▶ _Dataset section_:
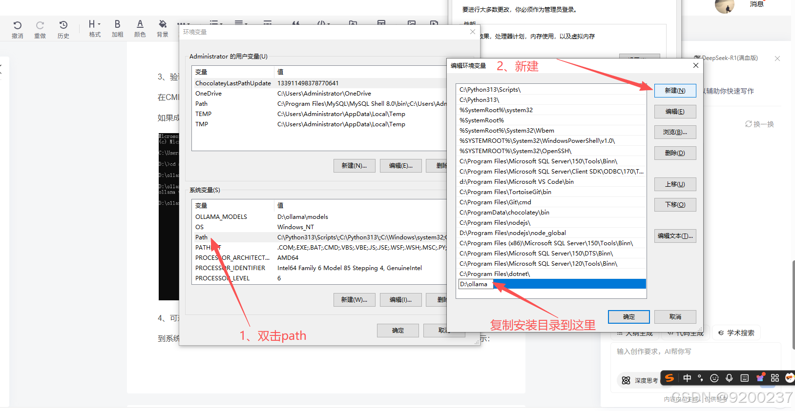 到系统变量下面的 path节点中双击打开,然后在path下面新建一个ollama运行目录。如下图所示:
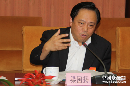 十一届全国人大第三次会议台湾代表团审议政府工作报告,中华全国台湾同胞联谊会会长、人大代表梁国扬发言 (中国台湾网 胡珊珊 摄)
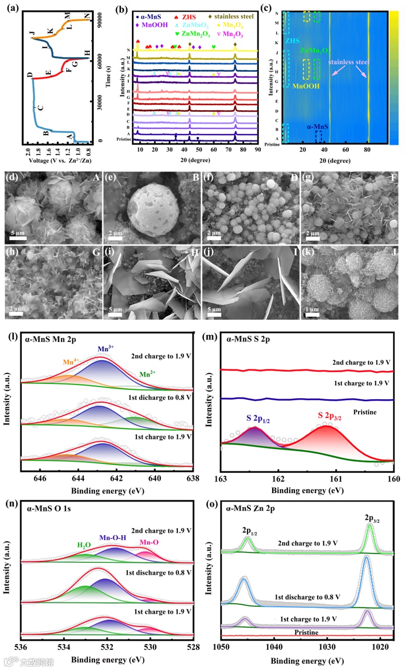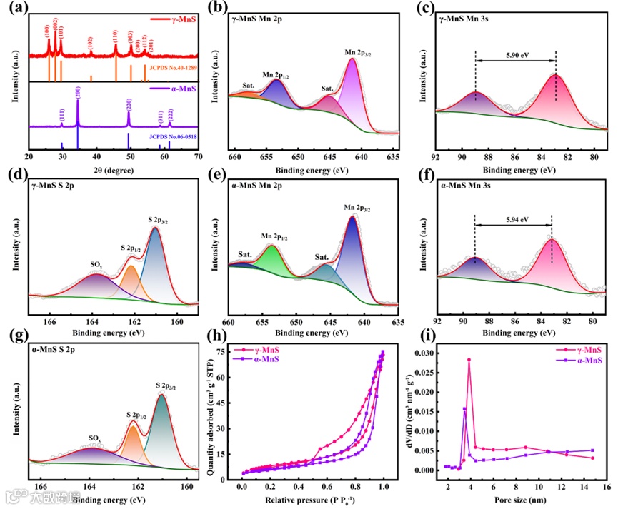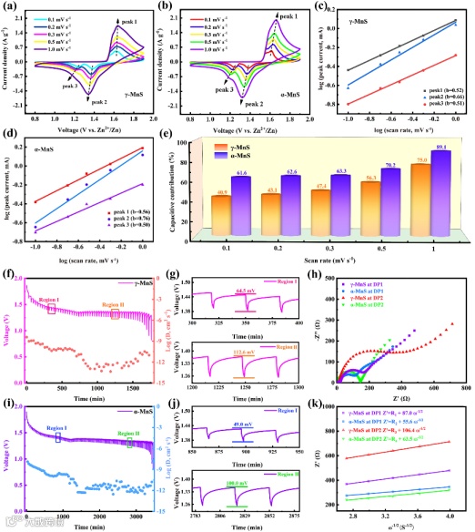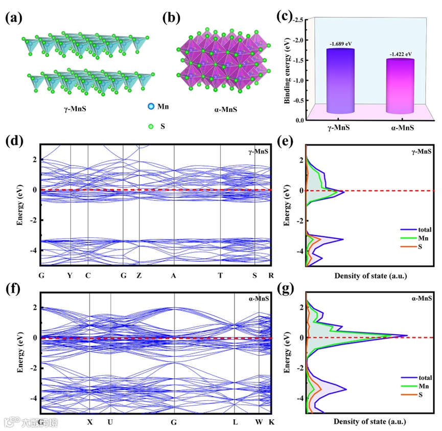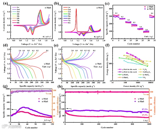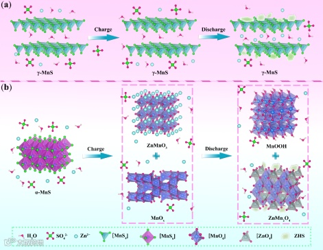鉴于此,湖南工业大学朱裔荣教授和中南大学邹国强副教授等人在密度函数理论(DFT)计算的启发下,首次设计合成了具有不同晶型的γ-MnS和α-MnS空心微球,并将其作为AZIBs的正极材料,获得显著不同的储能机制。值得注意的是,γ-MnS电极在整个充放电过程中都能稳定存在并存储能量,而α-MnS电极在初始充电过程中首先发生不可逆的原位氧化生成ZnMnO3/MnOx,然后在随后的充放电过程中发生可逆的H+/Zn2+共嵌入/脱出的储能行为。这种由原位电化学氧化引起的独特相变机制使α-MnS电极实现了增强的离子扩散动力学,从而提高了倍率性能和循环稳定性。这项研究不仅丰富了锰基硫化物正极的储能机理,而且为先进锰基正极材料的设计和开发提供了研究思路。
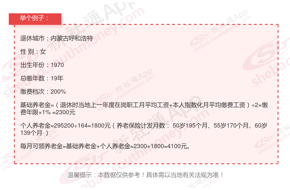 网友康某退休城市在内蒙古呼和浩特,性别:女,出生年份:1970,总缴年数19年,缴费档次:200%

▶ _Task objective_:
The whole listing should be reproduced exactly. Images don't go in.

▶ _Solution for this exercise_:
 到系统变量下面的 path节点中双击打开,然后在path下面新建一个ollama运行目录。如下图所示:
 十一届全国人大第三次会议台湾代表团审议政府工作报告,中华全国台湾同胞联谊会会长、人大代表梁国扬发言 (中国台湾网 胡珊珊 摄)
鉴于此,湖南工业大学朱裔荣教授和中南大学邹国强副教授等人在密度函数理论(DFT)计算的启发下,首次设计合成了具有不同晶型的γ-MnS和α-MnS空心微球,并将其作为AZIBs的正极材料,获得显著不同的储能机制。值得注意的是,γ-MnS电极在整个充放电过程中都能稳定存在并存储能量,而α-MnS电极在初始充电过程中首先发生不可逆的原位氧化生成ZnMnO3/MnOx,然后在随后的充放电过程中发生可逆的H+/Zn2+共嵌入/脱出的储能行为。这种由原位电化学氧化引起的独特相变机制使α-MnS电极实现了增强的离子扩散动力学,从而提高了倍率性能和循环稳定性。这项研究不仅丰富了锰基硫化物正极的储能机理,而且为先进锰基正极材料的设计和开发提供了研究思路。
 网友康某退休城市在内蒙古呼和浩特,性别:女,出生年份:1970,总缴年数19年,缴费档次:200%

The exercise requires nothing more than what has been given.